Third, context length is a tradeoff. A 128K input window is long, but some community users compared it unfavorably with the earlier 256K Command A. In enterprise RAG, search, summarization, memory, and permission filtering can matter more than stuffing everything into a long context. Still, for use cases that want entire document sets in one pass, teams will need to compare whether 128K is a strength or limitation against alternatives.

The practical questions for builders

For AI developers and platform teams, the useful takeaway is a set of questions rather than an immediate verdict.

First, what is the real bottleneck in your organization's AI cost: model pricing, data movement restrictions, or GPU operations? Command A+ matters more to organizations that already have or are willing to build the third capability.

Second, how sensitive are the tools your agents call? If CRM, ERP, databases, code repositories, or document stores are connected, model placement becomes a security and audit decision.

Third, is multilingual cost a real problem? If a workflow uses Korean, Japanese, Arabic, or other languages where tokenization changes cost, Cohere's tokenizer claim is worth testing on actual documents.

Fourth, who owns the responsibility boundary when you operate a public model yourself? Compared with an API provider that manages model updates, security patches, and serving stability, self-hosting gives more control and more operational burden at the same time.

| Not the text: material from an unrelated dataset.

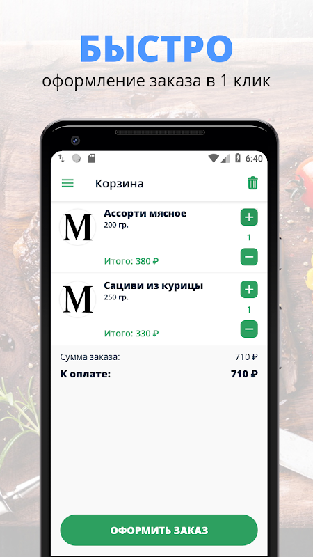 -возможность заказать первые и вторые блюда, напитки, десерты в одном месте

A release of deployment rights

The shortest version of Command A+ is this: Cohere opened the deployment rights for an enterprise-agent model. Open source is an accurate term, but the launch feels closer to enterprise infrastructure than hobbyist local AI. Apache 2.0 licensing, the two-H100 minimum setup, 48 languages, 128K input, tool use, and vLLM/Transformers support all point in the same direction. It is aimed at teams moving from renting model access toward operating models.

That does not settle the question. Real tool-call quality, Korean enterprise-document performance, W4A4 quantization stability, and memory consistency across long agent loops still need independent verification. But the question raised by the launch is clear. As enterprise AI touches more internal systems, "the strongest model" becomes only part of the decision. "The model I can control" starts to matter just as much. Command A+ puts that threshold at two H100s. The next test is whether that cost is low enough, and whether that control is valuable enough to beat the convenience of frontier APIs in real work.